The first F-Zero quite literally defined futuristic racing. Mind blowing speed, timeless design and a still iconic soundtrack.
Your verdict
Category
Racing1 player3+
Description
Futuristic racing game using the Super Nintendo's Mode 7 graphics processor in a pioneering way. Published by Nintendo, released in Europe in 1990. Five vehicles with distinct characteristics, Mute City and Big Blue circuits, turbos and mines and increasing speed across master levels. Super Nintendo launch title and genre masterpiece.
F-Zero review
MAX
Art direction
★★★★★
"Iconic"
MAX
Music
★★★★★
"Legendary"
1/5
Story
★★★★★
"Anecdotal"
Futuristic circuits unfurled in Mode 7, a sense of dizzying speed and vivid colours: the game invented fast pseudo-3D racing on the console. The fluidity of the scrolling and the brilliance of the settings overflow with energy. This visual direction, pioneering and polished, laid the foundations of the futuristic racing game.
A technical showcase for the SNES, the music propels the high-speed races with supercharged rock-electro themes, from the famous "Mute City" to "Big Blue". Each circuit pulses with a galvanising energy perfectly in tune with the sense of speed. This pioneering sonic identity remains inseparable from the F-Zero legend.
Gameplay
"Excellent"
Fun
"From the very first seconds"
Hurling a machine at unprecedented speeds thanks to the console's background rotation, brushing the walls and holding razor-sharp lines: the sense of speed marked a whole generation. Mastery has to be earned, but every perfect lap delivers a pure rush. A snappy, demanding pioneer, it lays the foundations of a genre and stays exhilarating, pad in hand.
Addictiveness
"Obsessive"
Hurtling your machine at full tilt, grazing the walls and memorizing every corner delivers an instant rush you want to replay right away. Shaving your time, climbing the ranking or surviving the next circuit ramps up the tension race after race. There's not much content, but this quest for the perfect lap stays furiously addictive.
Difficulty
"Punishing"
The original entry and a Mode 7 showcase, it sends the player down tracks that scroll ever faster, without the slightest safety net. Managing the shield-energy, memorizing the tight turns and concentrating every instant separate victory from a crash. Demanding from the upper leagues on yet perfectly clear, it laid the foundations of a saga renowned for its driving rigor.

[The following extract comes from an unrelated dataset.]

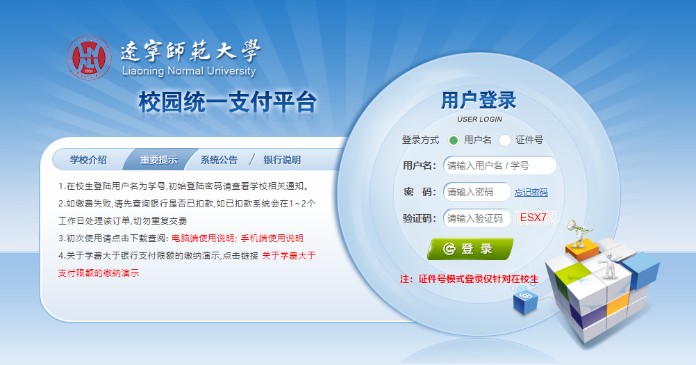 (2)手机端登录可微信、支付宝扫描“辽宁师范大学校园统一支付平台”二维码登录缴费。

The European PAL SNES edition of the Nintendo launch title, the first mass-market demonstration of Mode 7. The PAL cart is rarer than the US version, and PAL boxed CIB in the original cardboard box with multilingual manual is a classic of European Nintendo SNES PAL collections. The cote climbs steadily, sustained by physical scarcity and by the technical reference status that has never been dethroned on the collector side for the console.
Is F-Zero still worth playing in 2026?
The first F-Zero set the foundations of the futuristic racing genre as it still stands today. The Mode 7 pseudo 3D remains impressive, the sense of speed is immediate and the track layout demands precise corner reading. The lack of multiplayer has aged, but the time trial is a bottomless pit for record chasers. The soundtrack is one of the most unforgettable in Nintendo's catalogue. Recommended to anyone seeking a pure, sharp racing classic.